A number of participants spoke about their employment experiences in relation to their microtia. Some chose not to disclose their microtia (or any associated hearing loss) to their employer. Reasons for this included worry over potential discrimination or not considering microtia, or any hearing loss, to be a disability that would negatively impact their work:

I realized that what I’d done is effectively made it an invisible impairment…to avoid sort of possible prejudicial treatment that a lot of people with disabilities get in the workplace, but also probably [due to] a sense of being patronized. (Charles, 46, unilateral microtia, no reconstruction)

When a negative impact of microtia on employment was mentioned, this was primarily attributed to hearing loss, rather than appearance. Some felt their condition was often forgotten, perhaps because it can be concealed. Two participants spoke of their frustration about the lack of understanding employers had about the impact microtia could have on their work life and reported making their own adjustments to their work environment, rather than receiving support:

So everything in the office was the wrong way round for me, I have to have my computer on my deaf side so I can have my clients on my right side so I can hear them…getting these things put in place was torture and when I said to them “You know that I’m hard of hearing?” they still couldn’t understand why I couldn’t just keep swinging my chair round…I had to raise a grievance because nobody was listening. (Naomi, 60, unilateral microtia, reconstruction)

As I got older I did notice that in the working environment people weren’t always that understanding of the hearing side of things. I think maybe because I do cope quite well, they just forget. (Claire, 32, unilateral microtia, reconstruction)

Theme 2: Surgery as a Welcome Opportunity

This theme reflects participants’ recollections about the decision-making process for surgical reconstruction or receiving a prosthetic ear, in addition to their experiences of the operation(s), adjusting to their new appearance, and reflections on their decision.

Decision-making

Most participants were aware of their diagnosis during childhood; however, a few noted learning about their diagnosis and treatment options in adulthood. Since surgical options have significantly advanced in recent years, they had reached their adulthood without knowing about ear reconstruction or prosthesis. Discovering they had microtia meant reconstruction became an option for some.
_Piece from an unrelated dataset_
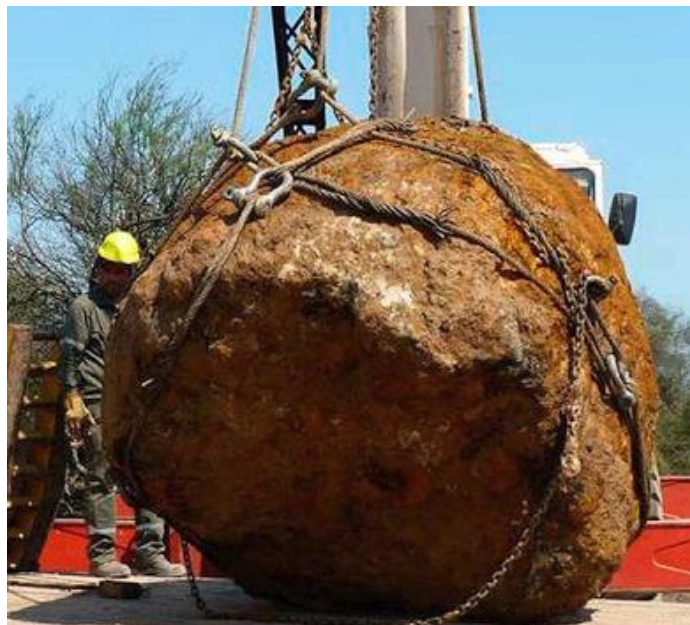
The Argentina meteorite has been named Canceledo, after the closest town to its discovery location.

A 30,800-kilogram meteorite unearthed in Argentina in 2016 is purported to be the second largest meteorite ever found on earth. The iron-nickel meteorite was uncovered in Campo del Cielo (meaning "Field of Heaven") in an area on the border between the provinces of Chaco and Santiago del Estero, or about 1000 km northwest of Buenos Aires..
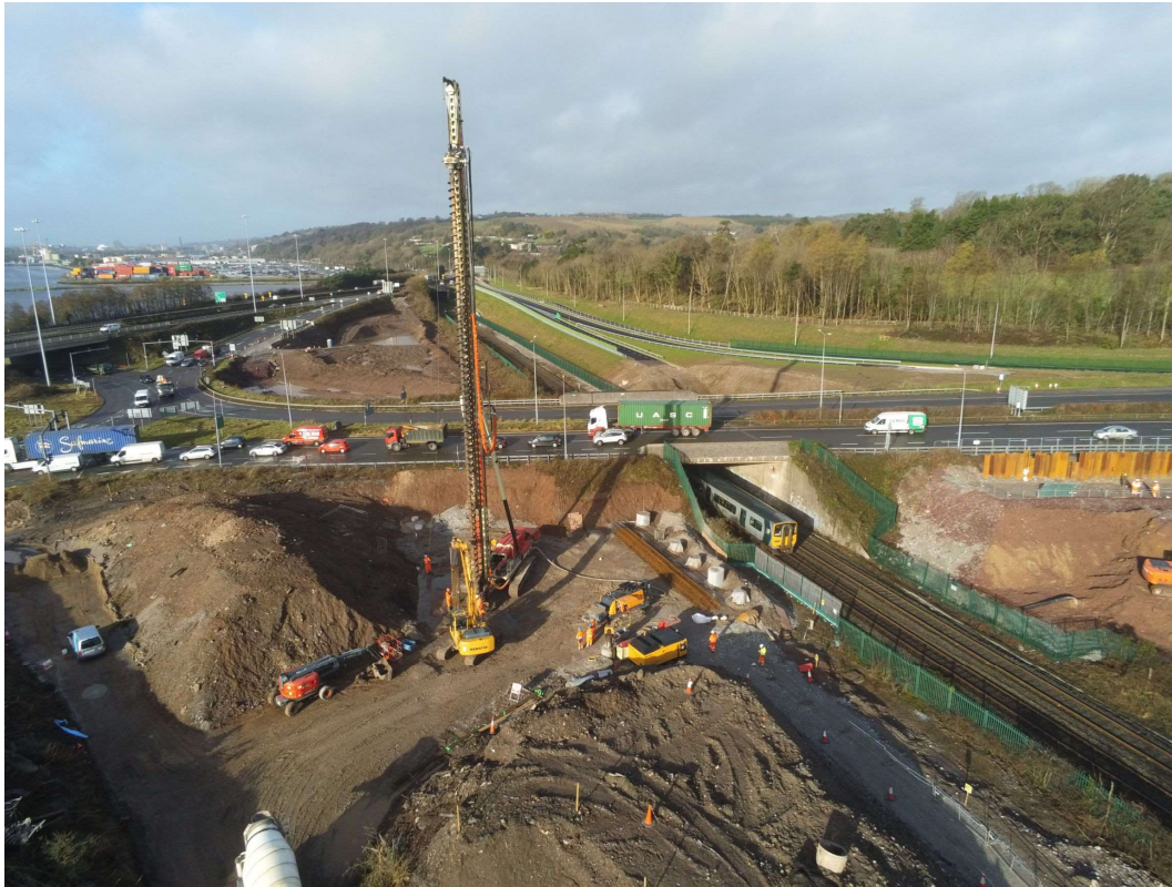
Piling works ongoing on the southern side of the railway line with the Midleton to Cork train passing nearby

Some reported that making the decision to undergo ear reconstruction was straightforward, and others more difficult:

I’ve spent my whole life desperate for something, you know…I thought “Do you know what, if I don’t go through with it I will spend the rest of my life wondering.” And it was a big decision because at 38 years old, being a bit older, having a child, and working all around that, you know? (Beth, 43, bilateral microtia, reconstruction)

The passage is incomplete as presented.